◆ WORK TO COMPLETE: Pictures are to be left out, and only the lines below starting at the one with "Dự án cải tạo, mở" and ending at the one with "ㅇ 109 타입 : 분양가 약 6억~7.3억" are to be reproduced, each exactly, both ends included.

◆ RAW DATA:
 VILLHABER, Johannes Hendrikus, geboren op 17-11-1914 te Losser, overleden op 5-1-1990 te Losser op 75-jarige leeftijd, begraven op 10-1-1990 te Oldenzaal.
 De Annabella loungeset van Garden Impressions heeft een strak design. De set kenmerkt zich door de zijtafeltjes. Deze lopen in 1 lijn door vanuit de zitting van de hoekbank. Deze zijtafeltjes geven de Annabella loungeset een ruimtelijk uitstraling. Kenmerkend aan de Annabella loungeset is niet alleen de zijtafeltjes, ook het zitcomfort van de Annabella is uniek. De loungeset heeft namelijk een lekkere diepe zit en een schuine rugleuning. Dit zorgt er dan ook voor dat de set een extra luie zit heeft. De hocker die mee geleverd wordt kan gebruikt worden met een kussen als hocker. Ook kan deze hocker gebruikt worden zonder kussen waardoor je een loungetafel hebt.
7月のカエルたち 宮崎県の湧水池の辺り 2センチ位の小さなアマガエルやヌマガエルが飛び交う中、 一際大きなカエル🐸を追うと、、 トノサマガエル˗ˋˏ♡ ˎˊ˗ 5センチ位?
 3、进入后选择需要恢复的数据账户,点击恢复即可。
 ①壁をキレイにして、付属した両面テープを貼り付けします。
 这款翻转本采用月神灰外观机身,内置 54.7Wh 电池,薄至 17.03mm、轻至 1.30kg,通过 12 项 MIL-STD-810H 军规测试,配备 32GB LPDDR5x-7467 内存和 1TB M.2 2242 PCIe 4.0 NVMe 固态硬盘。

==

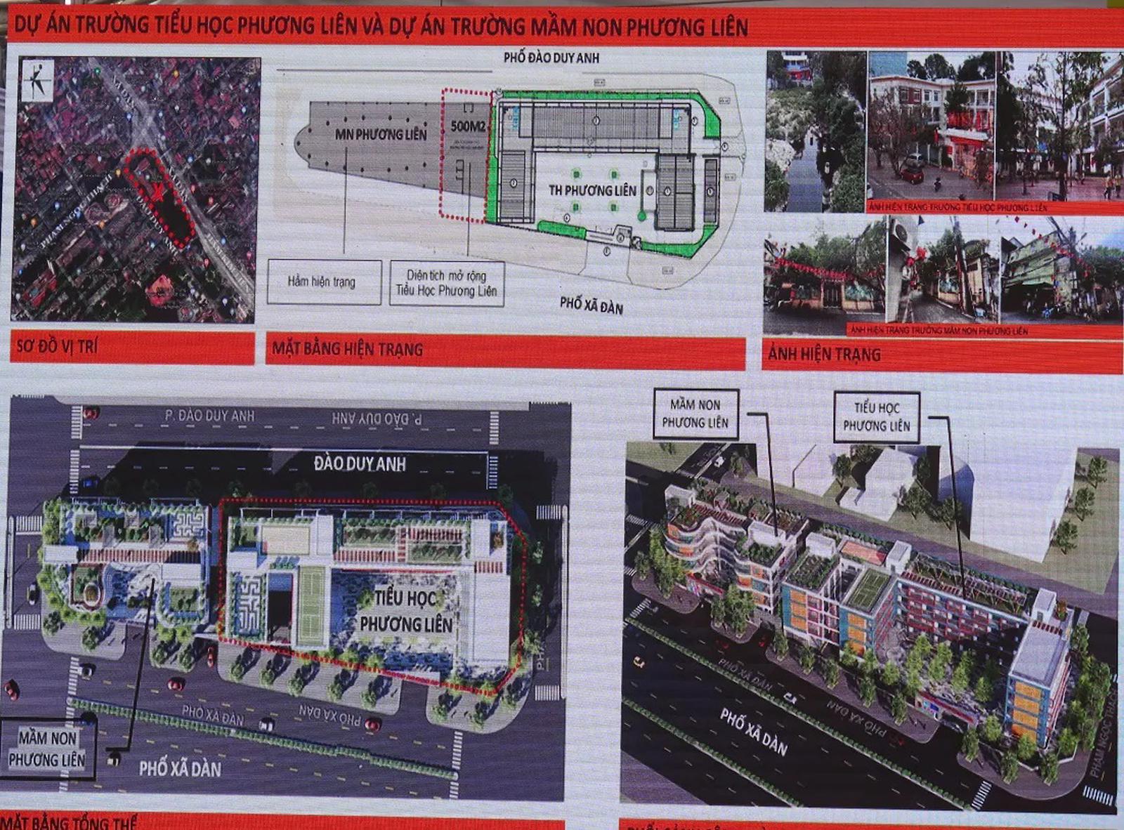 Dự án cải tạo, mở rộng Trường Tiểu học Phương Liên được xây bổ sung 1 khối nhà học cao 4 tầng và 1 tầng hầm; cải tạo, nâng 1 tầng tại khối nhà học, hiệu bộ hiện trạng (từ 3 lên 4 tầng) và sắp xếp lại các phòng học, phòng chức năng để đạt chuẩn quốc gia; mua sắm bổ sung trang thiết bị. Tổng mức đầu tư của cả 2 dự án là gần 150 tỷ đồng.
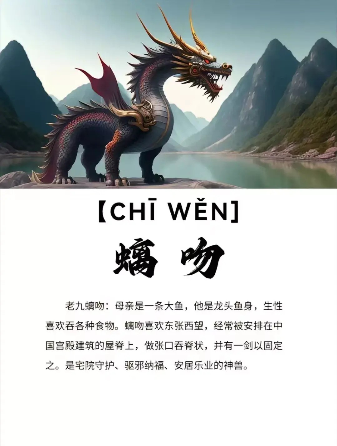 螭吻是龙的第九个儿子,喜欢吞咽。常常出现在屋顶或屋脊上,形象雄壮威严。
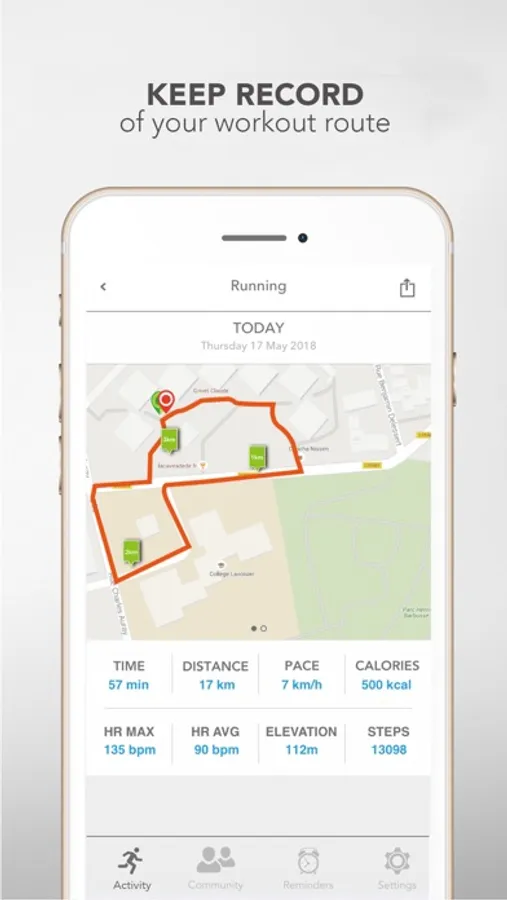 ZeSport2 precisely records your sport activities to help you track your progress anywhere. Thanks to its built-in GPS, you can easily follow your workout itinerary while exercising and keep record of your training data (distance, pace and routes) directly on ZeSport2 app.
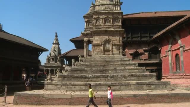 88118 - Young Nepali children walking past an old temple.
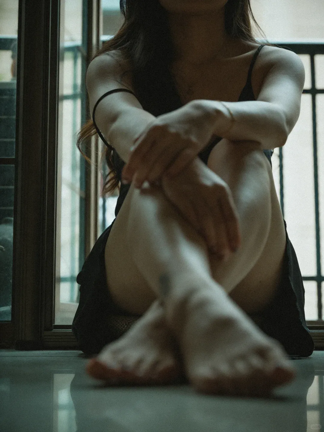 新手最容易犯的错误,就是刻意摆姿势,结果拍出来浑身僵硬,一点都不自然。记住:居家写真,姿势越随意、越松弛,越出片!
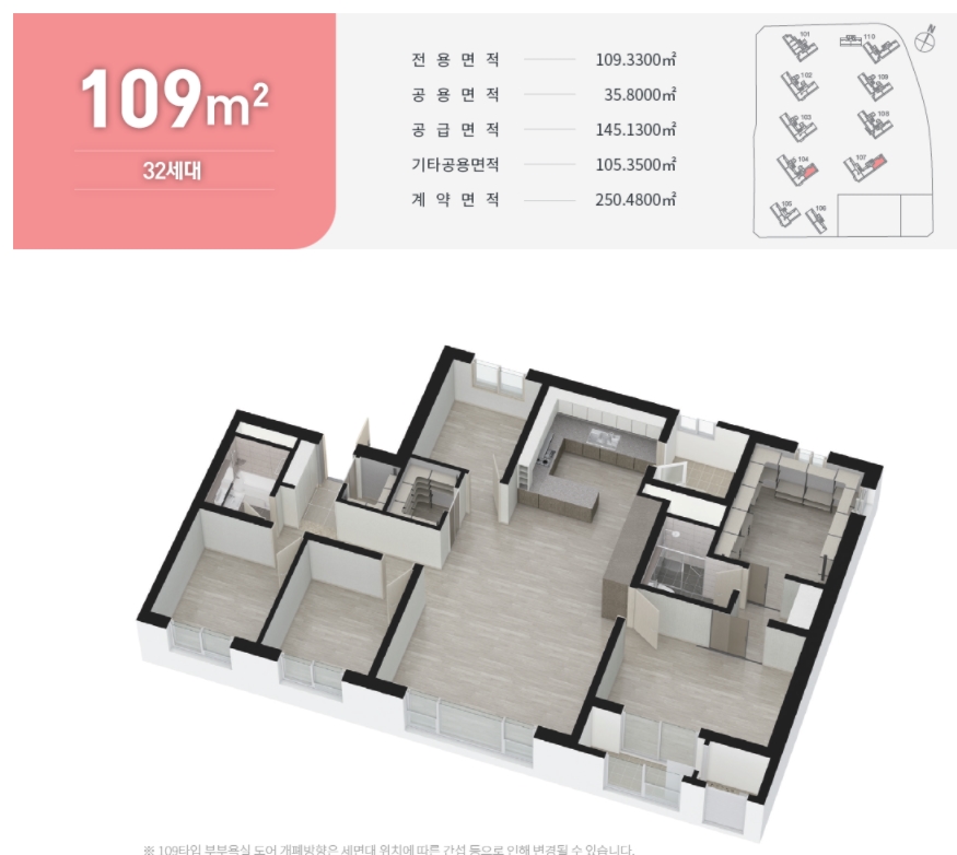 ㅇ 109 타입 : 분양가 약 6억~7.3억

...

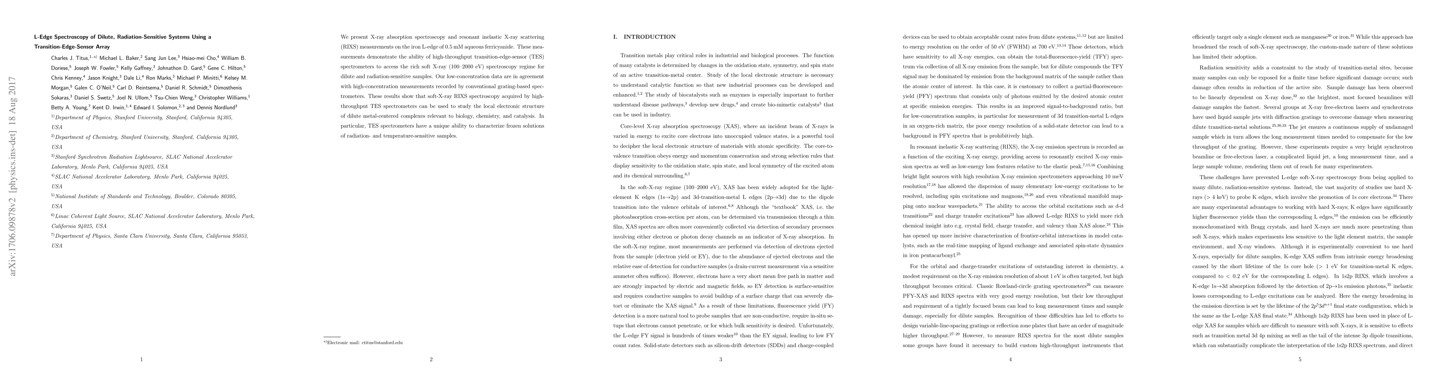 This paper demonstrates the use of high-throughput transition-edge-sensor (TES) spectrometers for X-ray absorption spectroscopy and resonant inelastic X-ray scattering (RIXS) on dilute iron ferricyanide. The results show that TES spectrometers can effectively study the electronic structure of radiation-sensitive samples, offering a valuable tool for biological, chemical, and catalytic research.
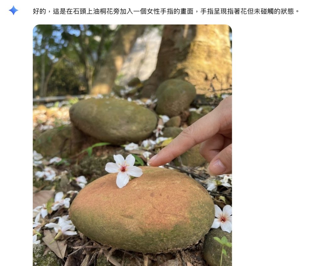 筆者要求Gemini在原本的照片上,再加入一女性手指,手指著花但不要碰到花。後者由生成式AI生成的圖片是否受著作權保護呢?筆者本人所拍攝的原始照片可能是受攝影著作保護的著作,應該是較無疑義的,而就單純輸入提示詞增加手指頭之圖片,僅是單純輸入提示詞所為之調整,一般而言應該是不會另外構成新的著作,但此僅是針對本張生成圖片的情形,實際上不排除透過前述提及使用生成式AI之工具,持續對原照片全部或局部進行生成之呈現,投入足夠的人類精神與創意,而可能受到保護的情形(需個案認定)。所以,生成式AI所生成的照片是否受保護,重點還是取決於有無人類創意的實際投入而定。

◆ RESULT OF THE EXERCISE:
 Dự án cải tạo, mở rộng Trường Tiểu học Phương Liên được xây bổ sung 1 khối nhà học cao 4 tầng và 1 tầng hầm; cải tạo, nâng 1 tầng tại khối nhà học, hiệu bộ hiện trạng (từ 3 lên 4 tầng) và sắp xếp lại các phòng học, phòng chức năng để đạt chuẩn quốc gia; mua sắm bổ sung trang thiết bị. Tổng mức đầu tư của cả 2 dự án là gần 150 tỷ đồng.
 螭吻是龙的第九个儿子,喜欢吞咽。常常出现在屋顶或屋脊上,形象雄壮威严。
 ZeSport2 precisely records your sport activities to help you track your progress anywhere. Thanks to its built-in GPS, you can easily follow your workout itinerary while exercising and keep record of your training data (distance, pace and routes) directly on ZeSport2 app.
 88118 - Young Nepali children walking past an old temple.
 新手最容易犯的错误,就是刻意摆姿势,结果拍出来浑身僵硬,一点都不自然。记住:居家写真,姿势越随意、越松弛,越出片!
 ㅇ 109 타입 : 분양가 약 6억~7.3억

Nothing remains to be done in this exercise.